§ Try it: Pictures are to be left out. Copy exactly, and only, the lines from the start of the entries below to the line with "wir Ihnen anbieten.", both included.

Data entries:

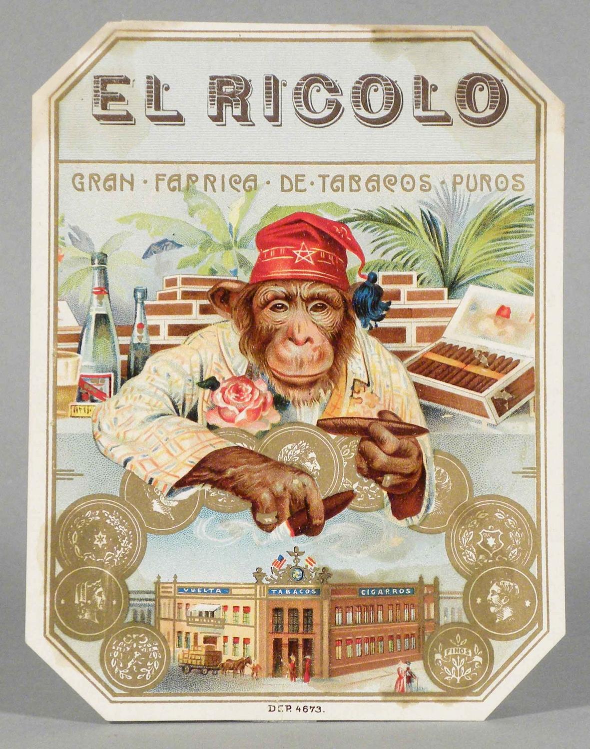 El Ricolo Cigar Box Label. Rare image of monkey and factory scene. Beautiful colors and gold leaf. Some minor staining otherwise very good condition. 4 1/8 X 5 3/8 inches. Starting bid $100
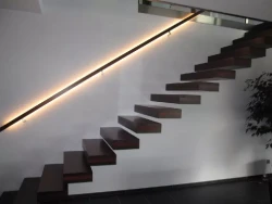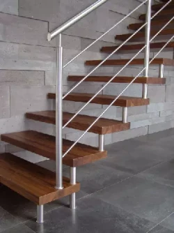 • Die Verwendung von Stufen aus Stahl und Glas im Innenbereich in architektonisch modernen Bauten wird zunehmend beliebter auch ein Mix aus Glas und Holz oder Aluminium zum Beispiel können wir Ihnen anbieten.
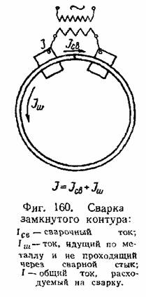 Способ непрерывного оплавления весьма удобен для массового производства однотипных деталей на стыковых машинах с моторным приводом. На стыковых машинах могут быть сварены также стыки в замкнутых контурах, например в ободьях колёс, звеньях цепей и т. п. При сварке замкнутого контура лишь часть тока идёт через свариваемый стык, часть же шунтируется сплошным металлом (фиг. 160). Поэтому при сварке замкнутых контуров приходится увеличивать подводимую мощность, так как полезно используется лишь часть её. Увеличение мощности при сварке замкнутого контура, в зависимости от его размеров, составляет 20—50% мощности, необходимой для сварки открытого незамкнутого контура. Замкнутые контуры могут свариваться как без оплавления, так и оплавлением прерывистым и непрерывным: чаще применяется последнее.
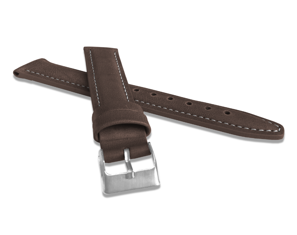 LAVVU Polstrovaný tmavě hnědý prošitý řemínek CLASSIC z luxusní kůže Top Grain - 24
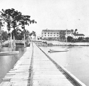 Enterprise has diminished in size to a small corner of Deltona. Once a thriving terminus of the steamboat line from Jacksonville, Enterprise was founded by Cornelius Taylor and other pioneers in 1841. Just across the lake from Fort Mellon, Enterprise boasted a grist mill, saawmill, church, school, and several stores. The town however really began to grow with the construction of the 2 1/2 story Brock Hotel and steamship landing. The hotel, central Florida's first hotel, could accommodate people in its 50 guest rooms. The sick and invalids would come to the Florida climate for their health and guests such as Grover Cleveland, Ulysses S. Grant, and William Jennings Bryant would come to vacation. Harriet Beecher Stowe was known to have written about Enterprise in her travel articles increasing the popularity of the destination. Brock built a courthouse when the town became the county seat of the then Mosquito County. By 1887 a board of trade was formed by the local businessmen who were disturbed by the deterioration of the town and by 1889 the larger growth of Deland took the county seat away. The freezes of the late 1890's damaged the large citrus groves and the railroad service extending all the way to Sanford made the steamship lines obsolete. As late as the 1980's Enterprise had a Post Office but now is gone as well as the Brock Hotel (site location is now the Methodist Children's Home) and it's former famous dock. The Enterprise Cemetery has been the subject of renovation with the graves of possible 100's of slaves being discovered in the thick brush surrounding the graveyard. An effort is underway to clean up the black section and mark the neglected locations. Submitted by: Mike Woodfin UPDATE: The old School house in Enterprise, slated for destruction by the Volusia county school board in 2005, has been rescued and moved to a new location one eight mile north at 360 Main Street. Owned by the Enterprise Preservation Society, Inc, a local non-profit organization, the school house will become a museum and heritage center opening in late 2009. Also, the description of the town on the web site is "a small corner of Deltona". This is technically incorrect, as the old downtown and most of Enterprise is still unincorporated Volusia county. More importantly, the citizens of enterprise incorporated the Enterprise Preservation Society (EPS) in 2000 in order to save Enterprise from being annexed out of existence by Deltona. We feel that Deltona did not have an interest in preserving the history and heritage of the town and that it is better served by this citizen's group than by Deltona's city commissioners, who have for many years shown more interest in development for its own sake than in preservation of our heritage and quality of life. EPS has succeeded in having Enterprise designated as a "community of special interest" by the county, and the county is in the final stages of developing the Enterprise Local Plan, designed to protect the rural character of the community. They are also planning on designating the old downtown area as a historic district, providing further protection of historic buildings and sites. Ed Sullivan |
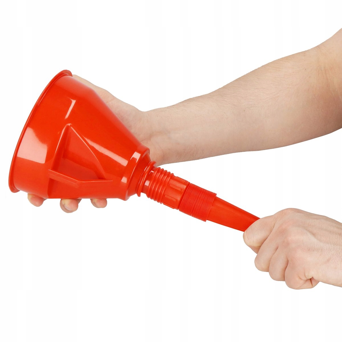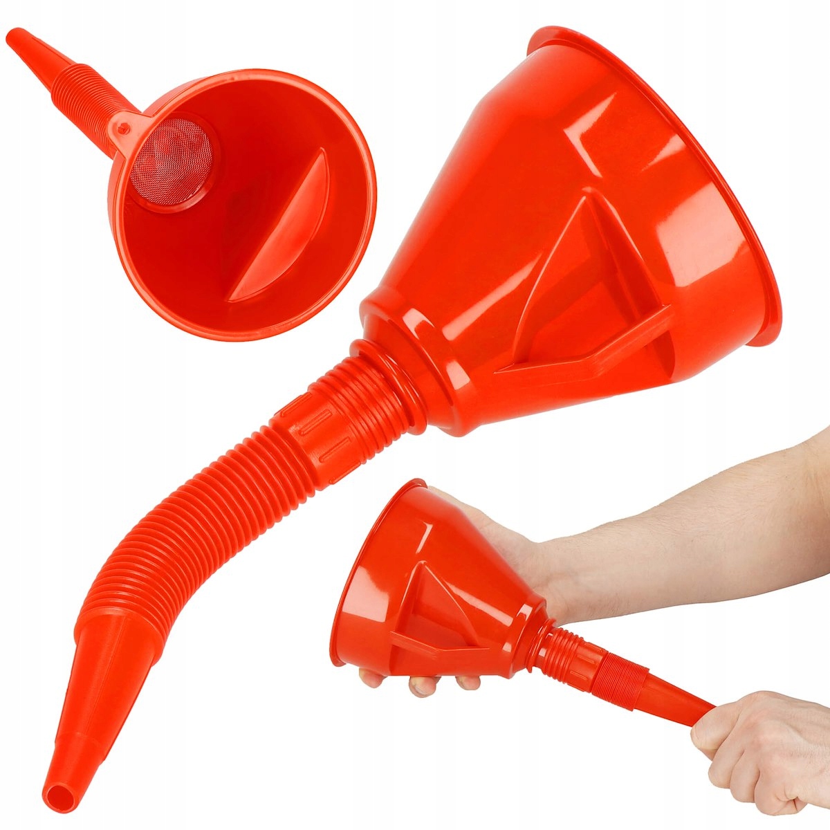 Воронка с гибкой насадкой от бренда Springos® устойчива вредного воздействия химических веществ. Он оснащен сетчатым фильтром, который удаляет из наливаемой жидкости мелкие примеси, такие как песок или опилки.
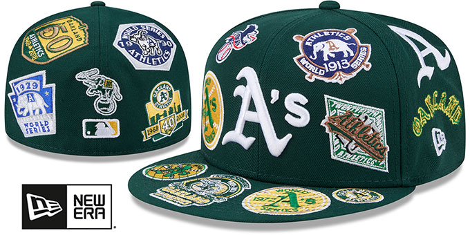 Authentic and ORIGINAL 59Fifty fitted hat by New Era, dark green authentic poly deep crown and visor with a light grey undervisor, raised embroidered team logo on front, embroidered Cooperstown and associated team logos embroidered ALL-OVER crown and visor, embroidered MLB Batterman logo on back. This Oakland Athletics hat is made by New Era and is licensed by the MLB - Major League Baseball.
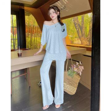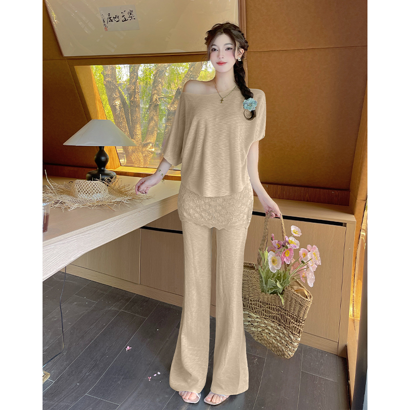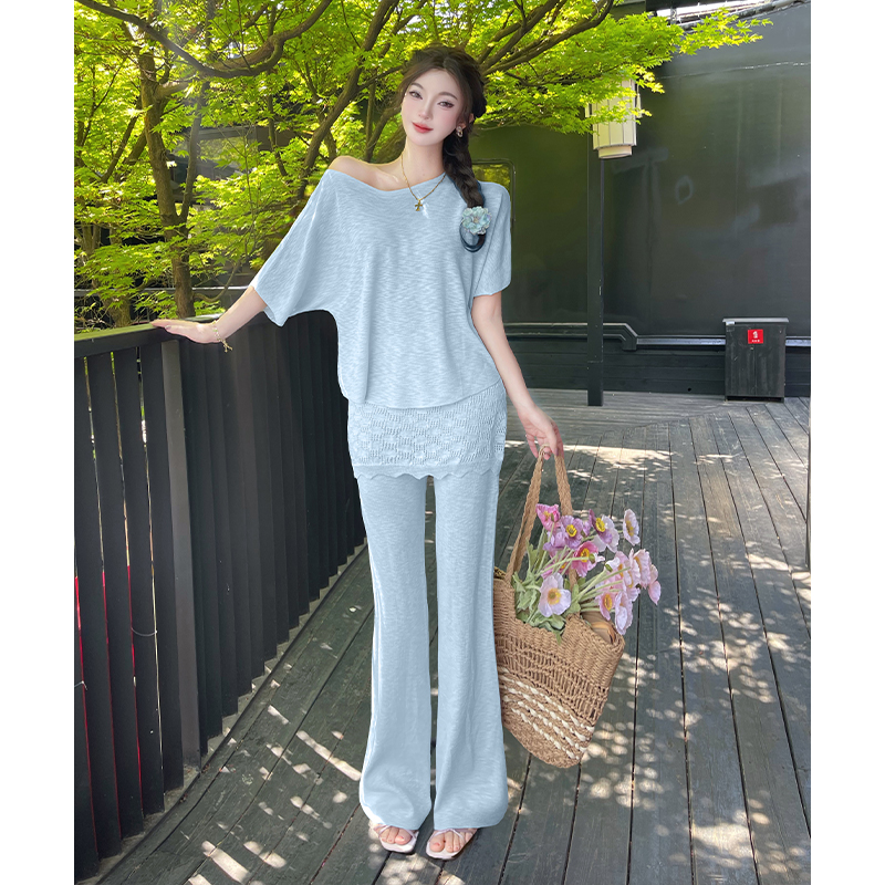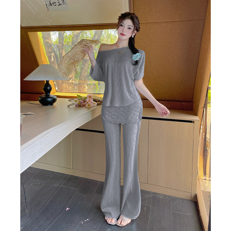 BY15454# 韩系慵懒斜肩上衣显瘦百搭屁帘拼接休闲裤时尚套装夏季 服裝批發女裝批發服飾貨源
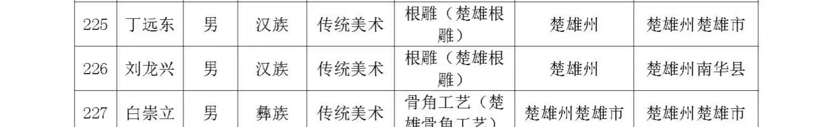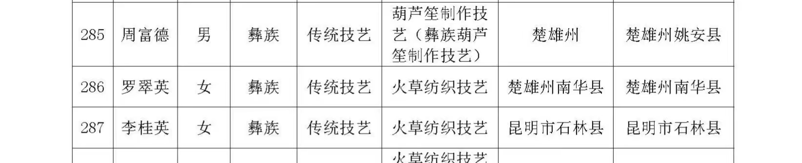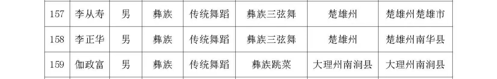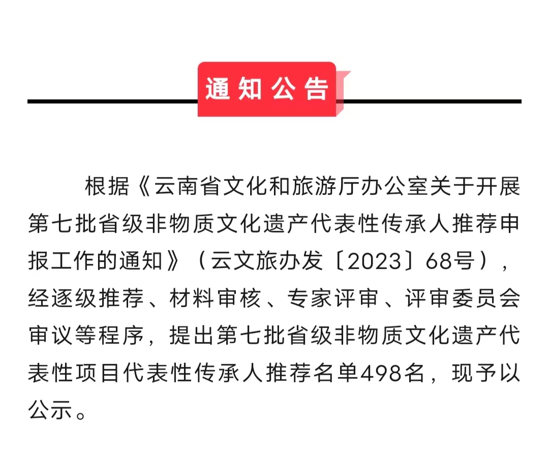 近日,云南省文化和旅游厅发布《云南省文化和旅游厅办公室关于开展第七批省级非物质文化遗产代表性传承人推荐申报工作的通知》(云文旅办发〔2023〕68号),南华县共有6名传承人拟入选,分别是南华沙街调传承人高菊英、彝族三弦舞传承人李正华、根雕(楚雄)技艺传承人刘龙兴、火草纺织技艺传承人罗翠英、彝族三弦制作技艺传承人周建荣、雨露白族正月灯会传承人苏国顺。
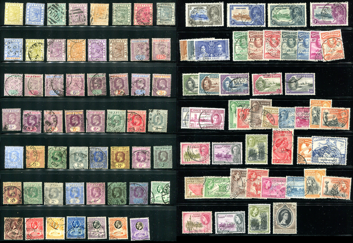 A couple of pages of pre-Ghana colonial era with a nice mix of better and common material, with lots of nice cancels noted. Better singles include #4 (possibly mint, no gum), #22, #23, the 1935 Silver Jubilee set and most of the two King George VI and the first QEII "Pictorial" sets (just missing a couple of common items). Great appearance and very few faults noted. 2024 Scott US$568.10 =
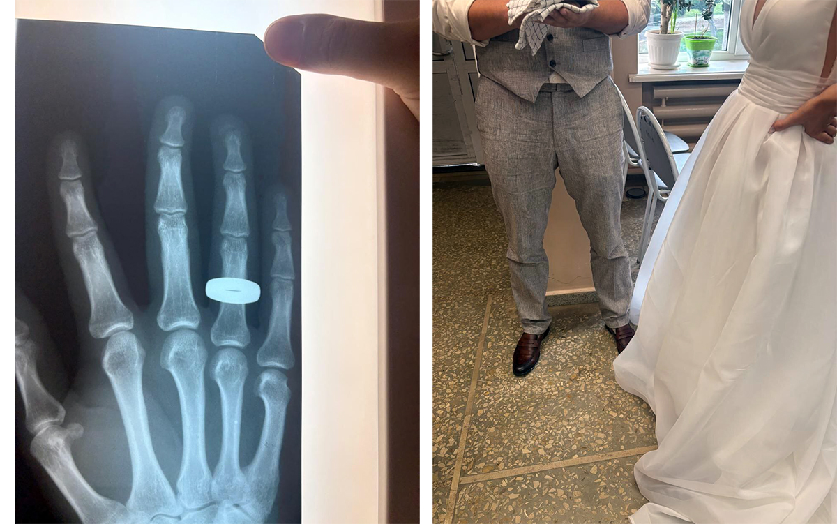 Не раздумывая долго и руководствуясь желанием помочь, молодой человек вместе с супругой принял решение действовать самостоятельно, не дожидаясь спецслужб. В ходе спасательной операции по эвакуации автомобиля и водителя из кювета жених и получил травму кисти.

§ Result for this exercise:
 El Ricolo Cigar Box Label. Rare image of monkey and factory scene. Beautiful colors and gold leaf. Some minor staining otherwise very good condition. 4 1/8 X 5 3/8 inches. Starting bid $100
 • Die Verwendung von Stufen aus Stahl und Glas im Innenbereich in architektonisch modernen Bauten wird zunehmend beliebter auch ein Mix aus Glas und Holz oder Aluminium zum Beispiel können wir Ihnen anbieten.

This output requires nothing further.